Rapazes gostam de dançar e de ballet? Força!
A dança é das artes mais antigas, não apenas pelo seu caráter lúdico e estético, mas porque dançar é intrínseco à humanidade: basta ver como os bebés se movem em danças rítmicas, ainda na barriga da mãe, desde que tenham um estímulo que os “agite”, sem precisarem de muitos ensinamentos.
As crianças crescem e vão escolhendo (ou os pais vão-lhes impondo) atividades diversas, mas curiosamente a dança torna-se um expoente do machismo e do sexismo. Tirando “danças de salão”, que surgem mais tarde, a dança em geral e o ballet em particular ficam reservados às raparigas. O velho ditado “um homem não chora” parece ter sido substituído por “um homem não dança” (a não ser em discotecas ou salões de baile vitorianos…).
Paralelamente, à medida que crescem, e por causa deste tipo de imposições, muitas crianças e adolescentes sentem que, a determinada altura, têm de fazer quase como uma opção entre eles próprios e os amigos. Não desejando ser ostracizados ou banidos, têm por vezes de enfrentar o grupo, unido enquanto tal e, como este não é muito dado a cedências, são os seus elementos, em particular, que têm de aderir às ideias gerais, e também prescindir das suas. Isso acontece, sobretudo, àqueles que têm maior maturidade e ideias próprias, que se querem afirmar no seu percurso de autonomia, mas que ainda não encontram – até pela pouca idade –, força suficiente para resistir e correr o risco de ficar só.

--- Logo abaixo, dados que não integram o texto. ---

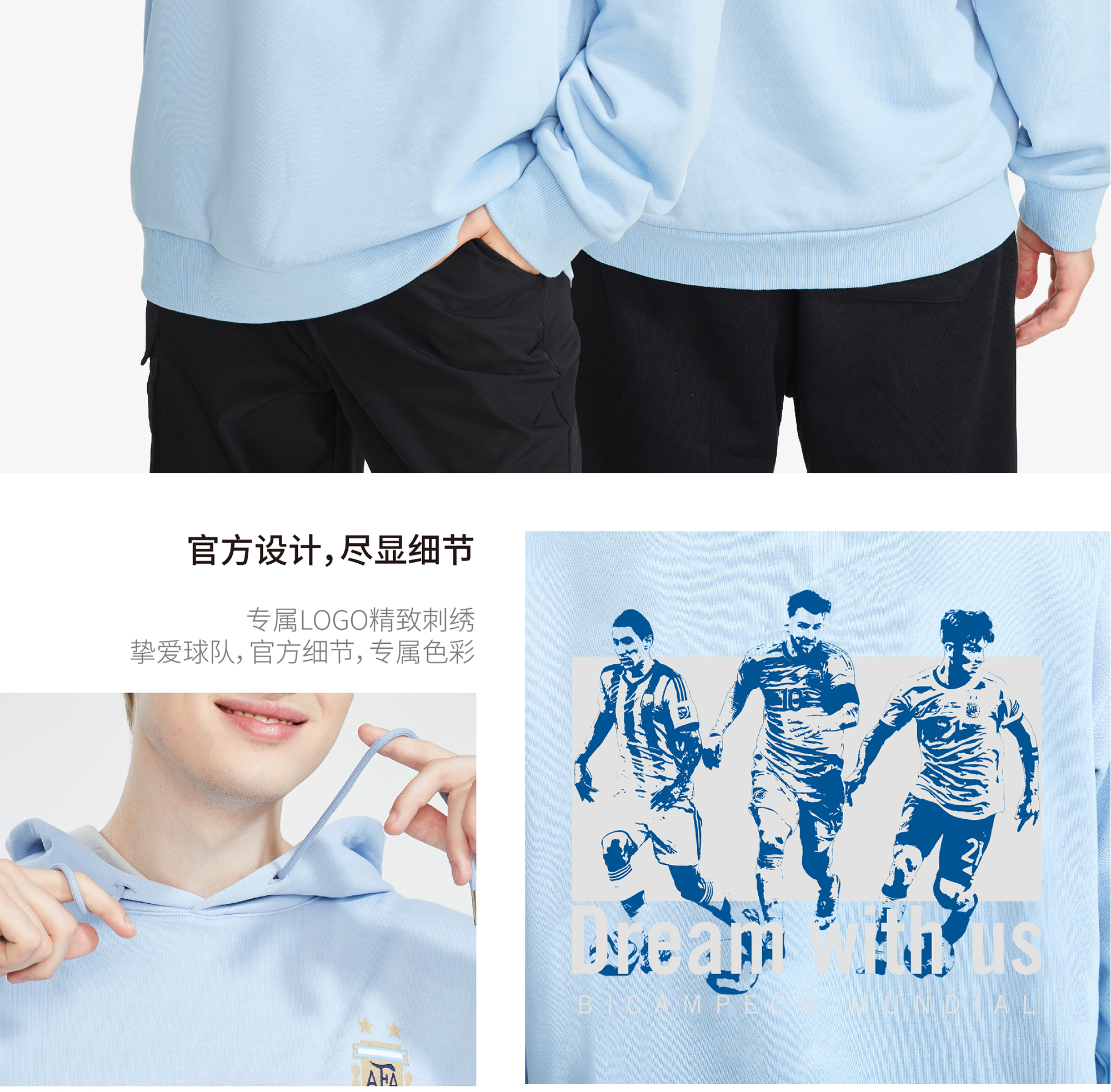 【官方正版】阿根廷国家队|梅西迪巴拉迪马利亚卫衣2022世界杯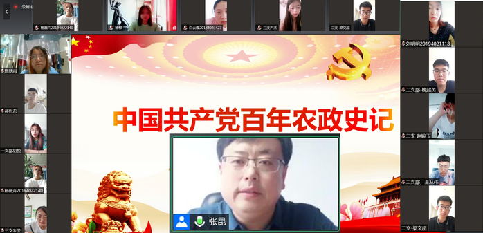 6月30日,学院举办党委书记上党课暨理论学习中心组学习(扩大)会。正在牡丹江市农业农村局挂职副局长、党组成员、公司党委书记张昆同志通过线上教学形式,为公司党委理论学习中心组成员、全体教师及员工党员作题为《中国共产党百年农政史记》主题党课。

As crianças crescem e vão escolhendo (ou os pais vão-lhes impondo) atividades diversas, mas curiosamente a dança torna-se um expoente do machismo e do sexismo.

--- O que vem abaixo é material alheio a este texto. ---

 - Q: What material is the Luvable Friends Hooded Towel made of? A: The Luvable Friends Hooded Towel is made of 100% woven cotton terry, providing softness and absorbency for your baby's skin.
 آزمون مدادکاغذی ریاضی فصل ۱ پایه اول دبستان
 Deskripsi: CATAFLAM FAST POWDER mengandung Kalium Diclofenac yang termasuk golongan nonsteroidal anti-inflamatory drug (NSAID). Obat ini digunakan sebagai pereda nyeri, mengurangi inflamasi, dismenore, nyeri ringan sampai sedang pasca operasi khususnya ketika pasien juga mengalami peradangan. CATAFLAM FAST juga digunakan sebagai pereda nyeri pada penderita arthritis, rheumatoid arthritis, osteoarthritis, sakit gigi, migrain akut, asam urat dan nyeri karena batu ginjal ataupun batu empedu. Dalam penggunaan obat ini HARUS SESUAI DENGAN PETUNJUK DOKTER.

Associando as duas coisas, recordo-me do caso de um adolescente que segui, que a dada altura resolveu ir para o ballet, dado que pretendia explorar a relação do seu corpo com o meio, com a música e com o espaço. Criticado por todos, na escola e nos restantes grupos de pertença, teve a força suficiente para se manter na dança, felizmente com o apoio sólido dos pais, que sempre o deixaram desistir, se ele desejasse, mas manter-se no ballet, se essa era a sua verdadeira vontade.

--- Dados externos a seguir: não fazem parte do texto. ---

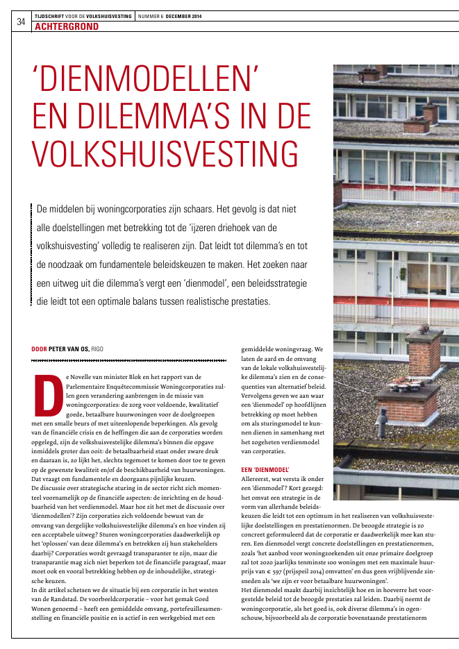 De middelen bij woningcorporaties zijn schaars. Het gevolg is dat niet alle doelstellingen met betrekking tot de ‘ijzeren driehoek van de volkshuisvesting’ volledig te realiseren zijn. Dat leidt tot dilemma’s en tot de noodzaak om fundamentele beleidskeuzen te maken. Het zoeken naar een uitweg uit die dilemma’s vergt een ‘dienmodel’, een beleidsstrategie die leidt tot een optimale balans tussen realistische prestaties.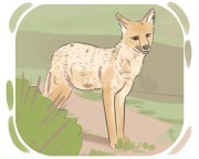a small, wild canid found in the steppes and deserts of central Asia and parts of Eastern Europe. It has a yellowish-grey coat and a bushy tail with a black tip.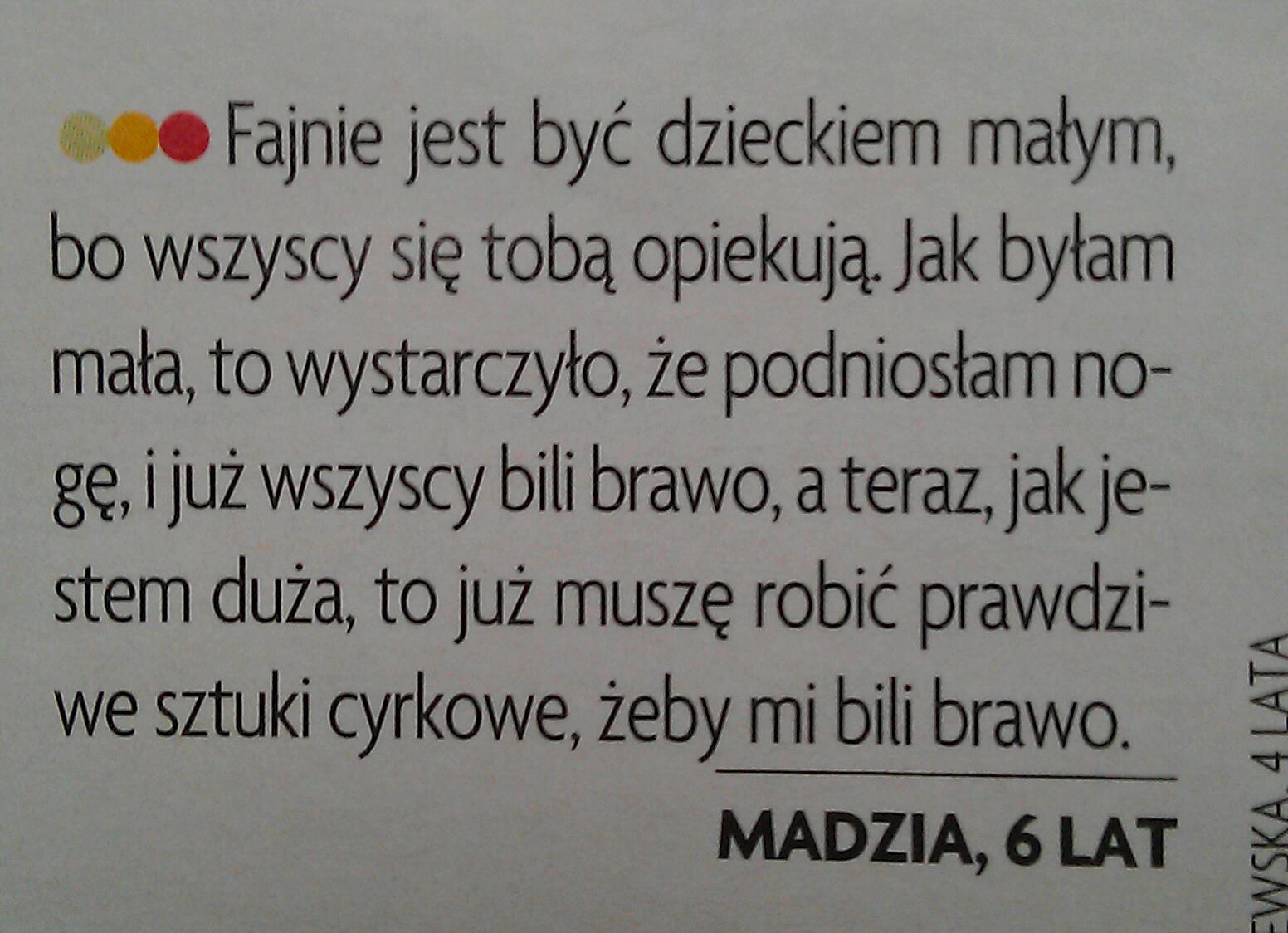 luca: Siostra do synka: "Idź, powiedz dzidzi, żeby wyszła z brzucha." Kostek, niecałe dwa lata - sprint prosto do mnie, łapka na mój brzuch: "Dzidzidzidzi!" |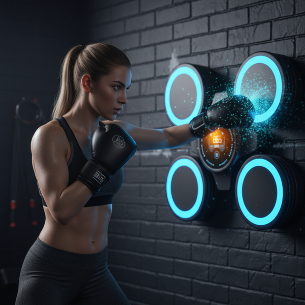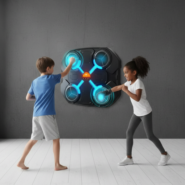 La Máquina BoxBeat™ es tu solución definitiva. Transforma tu salón en un gimnasio interactivo, combinando la intensidad del boxeo con la diversión de un juego de luces y ritmo. Conecta tu móvil vía Bluetooth, elige tu música y ¡a golpear! Sus sensores inteligentes se iluminan para guiarte, mejorando tus reflejos y cardio de forma dinámica, todo al ritmo de tu música favorita.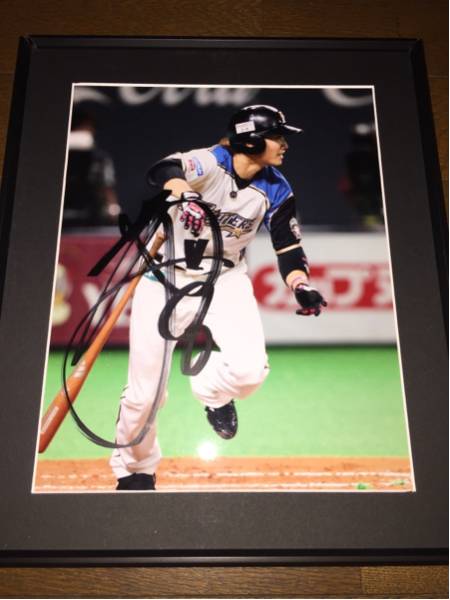 北海道日本ハムの西川遥輝選手の直筆サイン入り6切り生写真額装品です。(額の種類は多少変わる事がございます。)

Passados uns meses, por ocasião de uma festa na escola, este rapaz “deu show” na sua expressão corporal, a qual encantou os espectadores, e rapidamente viu as raparigas a rodeá-lo, “gulosas”, perante um macho tão elegante e com uma relação tão boa e síncrona com o corpo.
Posso jurar que, passados uns dias, muitos alunos foram pedir aos respetivos pais para se inscreverem no ballet, e que o grupo o aceitou, ou dito de outra forma, o elegeu como um dos líderes.
Em muitos casos, porém, a força de vontade e o apoio em casa não é tão grande, as dúvidas surgem, e vai-se pelo caminho aparentemente mais fácil: ceder, “encarneirar”, dizer que sim a supostos chefes, mas ao mesmo tempo deixar para trás sonhos, ideias, ideais, tempo e a exploração mais profunda de aspetos que são, se devidamente colocados, muito estruturantes da personalidade: o poder de decisão, a responsabilidade, a autonomia, a afirmação do Eu e, até, a solidão.
Que os adultos não se distraiam e que se lembrem sempre de escutar os mais novos e apoiá-los, no seu percurso de vida. Que as crianças e adolescentes saibam que, na vida social, há que fazer compromissos e cedências, mas nunca abdicar do que somos para agradar aos grupos ou a efémeros gurus. Finalmente, que a arte nobre da dança e no caso particular o ballet, quando praticado por rapazes, que deixe de ser visto como muitas vezes ainda é, e sejamos francos: um “caso de orientação sexual”. De todos os disparates que se dizem, este deve ser um dos maiores. Rapaziada: gostam de dançar e de ballet? Força e apliquem-se!